Monday told us all we need to know of the ongoing refugee crisis. On one side, the U.S. boasted it had welcomed 10,000 Syrian refugees this year as promised and ahead of schedule - a 0.004% sliver of the estimated 4.8 million Syrian refugees in the world or of the millions accepted by smaller countries like Turkey and Lebanon, but still up from last year's total of 1,700. On the same day, international crews - including the Italian Coast Guard, EU Border Agency, and Doctors Without Borders and other NGOs - coordinated one of the largest one-day water rescue operations ever, rescuing over 6,500 refugees, mostly from Eritrea and Somalia, who sometimes leapt off overloaded rubber dinghies without life jackets into choppy Mediterranean waters. The day before, crews rescued another 1,100 migrants in the Strait of Sicily, some of the estimated 400,000 fleeing to Italy despite increasing dangers, closed borders and anti-immigrant sentiment; at least 2,726 men, women and children have died trying to get there.

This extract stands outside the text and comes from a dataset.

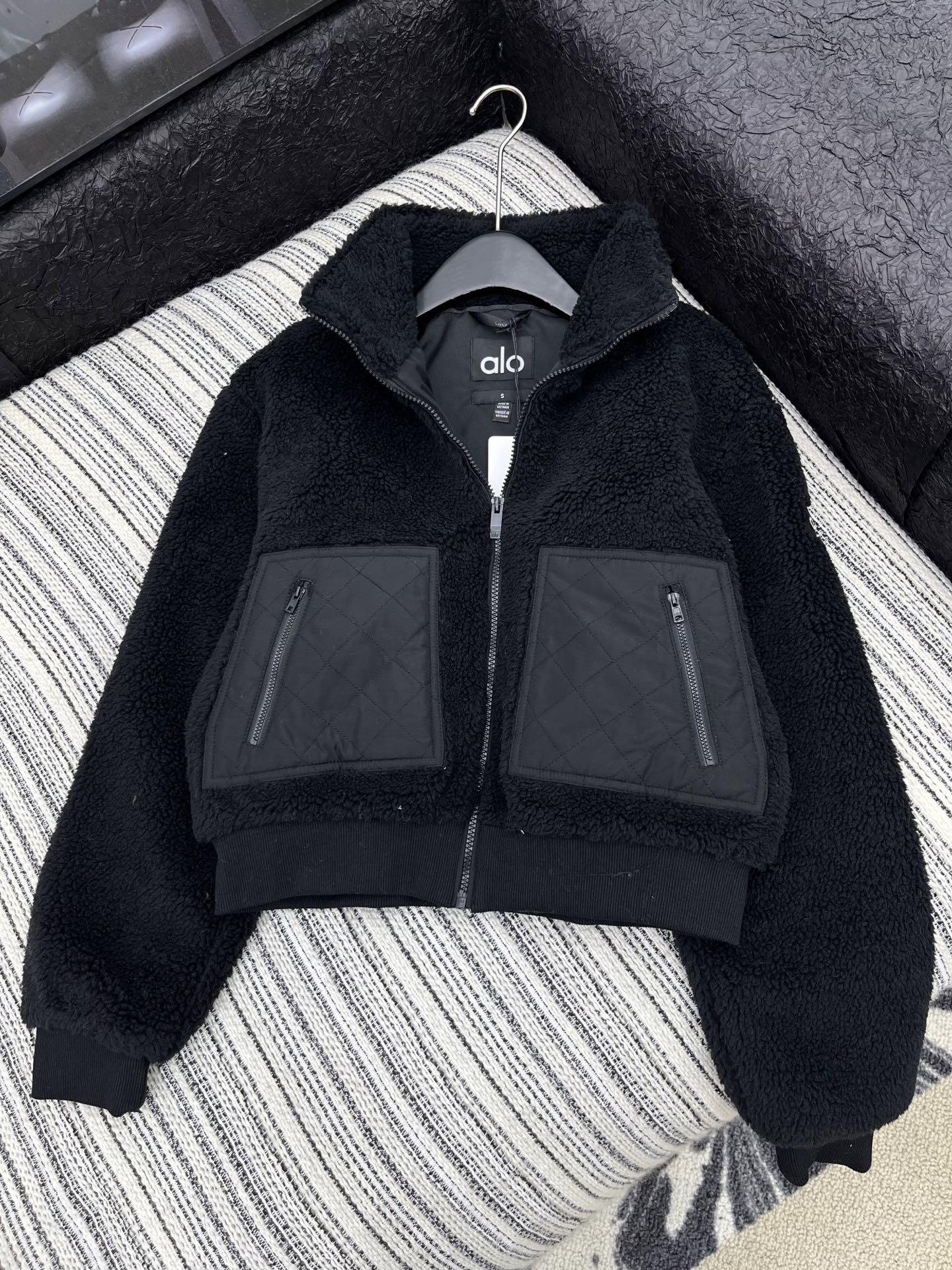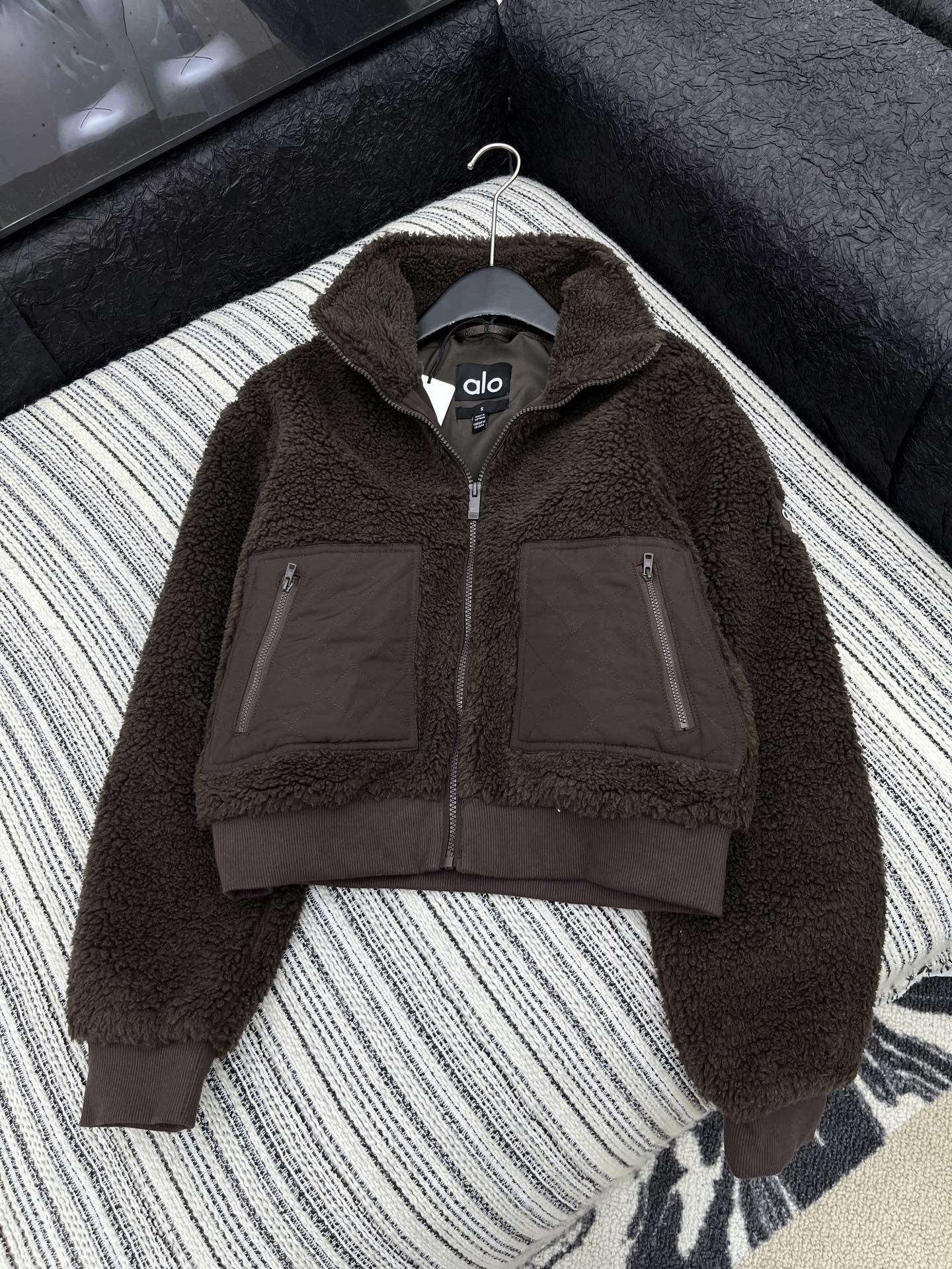 这款衣服是AAAAA 1:1 质量 (非常棒). 使用了和原版一模一样的材料. 商标部分也保持了和Alo Yoga一样. 图片拍摄是实物衣服拍摄, 您所收到的实物保证和我们图片一模一样.
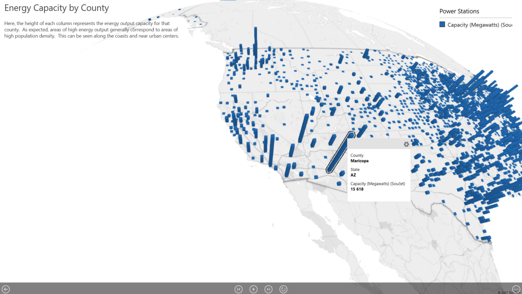 Prvních pět ikonek nám umožňuje vybrat si mezi typem grafů. Na výběr máme skládaný nebo skupinový sloupcový graf, dále bublinový graf, heat mapu nebo podbarvení celé oblasti. Pod těmito ikonkami se nachází kategorie Umístění. Nejprve zkontrolujeme, zda data mají odpovídající vlastnosti. S tím nám může pomoci procentuální vyjádření u kategorie. Čím vyšší číslo je, tím přesněji se programu podařilo data mapovat. To, co bude 3D mapa ukazovat, můžeme ovlivnit zadáváním patřičných hodnot do kolonek Umístění, Velikost, Kategorie a Čas. Pro ukázku jsme do kategorie Čas zařadili Initial Date of Operation (počáteční datum provozu). Jako výsledek vznikla animace znázorňující uvedení jednotlivých amerických elektráren do provozu v průběhu let 1900 až 2008.

Meanwhile, many of those refugees already in Italy stepped up as best they could when last week's earthquake hit. A group of 35  frightened asylum seekers who had just arrived the day before in Ascoli Piceno, just 80 kilometers from the quake’s epicenter, offered to pull people from the rubble or clear evacuation areas, said the head of the NGO Group of Solidarity. Another group of over 70 asylum seekers living in a shelter in Gioiosa Ionica pooled their tiny daily allowances of  2 euro to make a “small and symbolic gesture of solidarity.” Their reasoning: The images of the destruction reminded them of what they'd fled, they know what it means to lost everything, it was their turn to help, they are now part of the community. Said one, "If I'm still alive, it's because people here welcomed me." That process is ongoing: In the small town of Servigliano, the mayor described residents moving from skepticism to acceptance as they discover their common humanity, turning "diffidence into curiosity, and then into knowledge."